I’ve spent the better part of 20 years talking about technology-enhanced music making and talked up the value of technology as a tool for music making and music education. There is a huge tendency in the tech world to believe that every learning activity can be reduced to a technology solution – a notion I still reject.
Stats from the music products industry (NAMM) have shown that about 22% of the population will attempt to self-teach. This market is shared by DVDs, software, web sites, TV shows and various method books. All of these CAN be used by a dedicated self-learner to achieve proficiency. For a 7 year old – these techniques in their current state have about as much chance of delivering a potent experience as nothing but TV to teach language (it might help, but is not sufficient).
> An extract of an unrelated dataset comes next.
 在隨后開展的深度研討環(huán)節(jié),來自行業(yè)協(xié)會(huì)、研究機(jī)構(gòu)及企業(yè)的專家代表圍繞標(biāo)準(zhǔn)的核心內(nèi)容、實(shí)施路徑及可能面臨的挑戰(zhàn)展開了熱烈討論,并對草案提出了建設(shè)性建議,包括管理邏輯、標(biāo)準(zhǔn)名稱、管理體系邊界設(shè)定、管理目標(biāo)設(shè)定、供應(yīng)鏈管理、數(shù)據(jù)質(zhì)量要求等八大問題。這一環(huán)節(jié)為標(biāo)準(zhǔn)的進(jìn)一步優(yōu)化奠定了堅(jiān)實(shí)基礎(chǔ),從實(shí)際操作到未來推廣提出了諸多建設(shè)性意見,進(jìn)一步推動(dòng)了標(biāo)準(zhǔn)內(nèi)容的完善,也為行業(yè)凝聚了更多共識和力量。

Thus, any ideas of plopping my (or most any kid), in front of the most well-constructed program yet devised, are not likely to deliver on the promise of a fulfilling music-making life.
So, if not computer technology, then what? How about real people! Yes, them – the forgotten organic technology capable of incredible diversity and flexibility – well, usually. Then, we add technology as appropriate – and voila – a great recipe for helping a 7 year old to achieve music literacy.
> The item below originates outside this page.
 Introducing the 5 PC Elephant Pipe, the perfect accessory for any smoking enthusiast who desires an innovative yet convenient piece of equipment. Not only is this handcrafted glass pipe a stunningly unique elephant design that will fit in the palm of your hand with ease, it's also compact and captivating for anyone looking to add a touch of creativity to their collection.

My son Spencer is now 7 and 1/2 – and by one sense of reckoning, it’s a good time to start piano lessons. After a fair amount of time in the music education tech business this is going to be the ultimate test of the old entrepreneurial adage to make sure to “eat your own dog food” since in this case, I’m asking my kid to eat some of this dog food. Thus, the stakes are even higher.
This is being captured for two reasons. One, to understand and remember what transpires here for our family and developmental history. Two, for the occasional reader looking for a comparative viewpoint.
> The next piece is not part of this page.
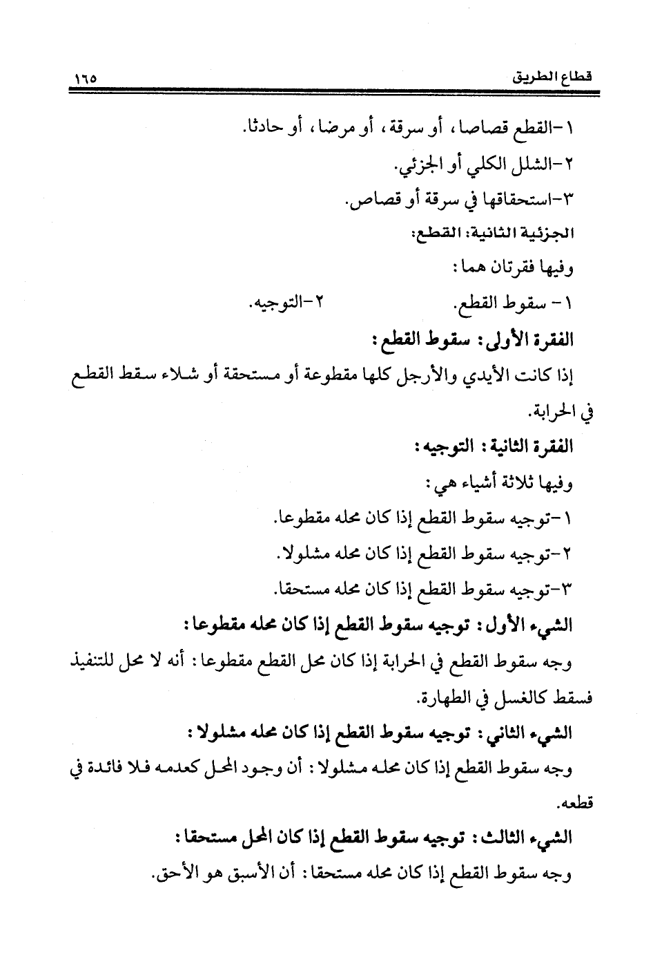 الشيء الثاني: توجيه سقوط القطع إذا كان محله مشلولا:

When to start lessons is a individualized decision – and while those Tiger Mothers get kids playing Chopin by age 3 – in our house, with two working parents and a physical and active kid like Spencer who’s shown little interest in the piano – we waited until the moment was right. Right for us meant teaching opportunity meets Daylight Savings Time. I’m incredibly fortunate to have met a number of great piano teachers through my work, and I’m even more fortunate that one of the best, Kathy Maskell (link?) was willing to take on Spencer for our grand experiment.
We also considered that the online tools I’d like to incorporate also depend upon the ability to read, and basic computer proficiency.
The experiment you ask? The goal is to see if we could do this via the Internet and by using some of the current and evolving technologies to assist in the process.